Federal government exploring options for removing portion of Knoll’s Atomic Power Lab
NISKAYUNA — Three options are on the table for the potential removal of a portion of the Knolls Atomic Power Laboratory in Niskayuna.
Representatives from the US Department of Energy (DOE) hosted a public forum on Thursday evening at Niskayuna Town Hall to present three potential alternatives for remediating the lab’s F-Complex, which is an interconnected group of five buildings at the River Road site.
The complex, which was built between 1951 and 1970 and once stored nuclear materials and several research reactor projects, has reached the end of its useful life. All three test reactors have been defueled and are in a safe and stable condition, according to DOE.
During the Thursday session, Martin Kretz, Federal Project Director with the US Department of Energy, detailed the three options the government agency is exploring to address the F-Complex, which contains materials including asbestos, lead and mercury.
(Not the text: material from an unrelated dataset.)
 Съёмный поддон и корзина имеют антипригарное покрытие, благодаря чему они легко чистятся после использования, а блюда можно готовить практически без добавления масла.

The first option would entail taking no additional action beyond the current monitoring and continued maintenance of the empty facilities. According to the DOE, that alternative would cost DOE Naval Reactors, who run the site, approximately $17.5 million over the next 30 years.
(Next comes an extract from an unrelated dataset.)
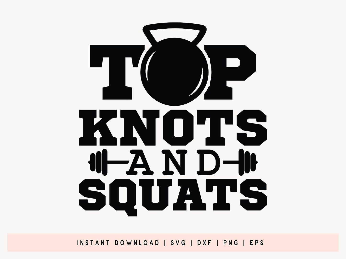 Browse the Top Knots and Squats - Workout Cut File SVG. This handmade design is just what fitness enthusiasts need to flaunt their strength and style, whether they're at the gym or on the move. Perfect for crafting custom workout shirts, gym bags, water bottles, or even wall art, the Workout Cut File SVG adds a fantastic blend of attitude and power to all your fitness projects. It's fully customizable and available in SVG, DXF, PNG, PDF and EPS formats. You can use it seamlessly with Cricut, Silhouette, and other cutting machines. If you're making something for yourself or creating fitness-themed gifts, this Workout Cut File SVG will make a statement.

The second option would see the DOE clean out the complex’s defueled test reactor assemblies while leaving the shell of the F-Complex in place at a cost of approximately $38.4 million over the next 30 years.
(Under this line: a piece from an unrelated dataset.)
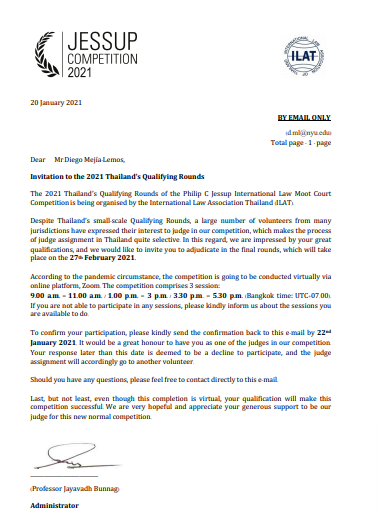 Lastly, on 27 February 2021, Prof Mejía-Lemos judged the final rounds of the Thai National Rounds, organised every year by the International Law Association of Thailand. Despite Thailand’s small-scale Qualifying Rounds, the process of selection of judges is highly selective.

The third option, which Kretz noted was the current recommended government alternative, would see the F-Complex demolished after the defueling process, which would allow Naval Reactors to utilize the site for future use. The cost of demolishing the F-Complex is projected to be $68.4 million.
Kretz said the buildings are not a danger to the public if nothing was done to remediate the complex.
“It’s in a safe condition,” he said after the forum. “It’s just a matter of keeping it in a safe condition via monitoring and repairs as necessary. There’s no immediate danger. In the CERCLA (Comprehensive Environmental Response, Compensation and Liability) process it’s a non-time critical removal action. So it’s not like a Superfund site where there’s been a release and there’s an imminent hazard where you have to get there and do something right away. There’s no immediate hazard that needs to be addressed, it just doesn’t make sense to just leave it there for perpetuity.”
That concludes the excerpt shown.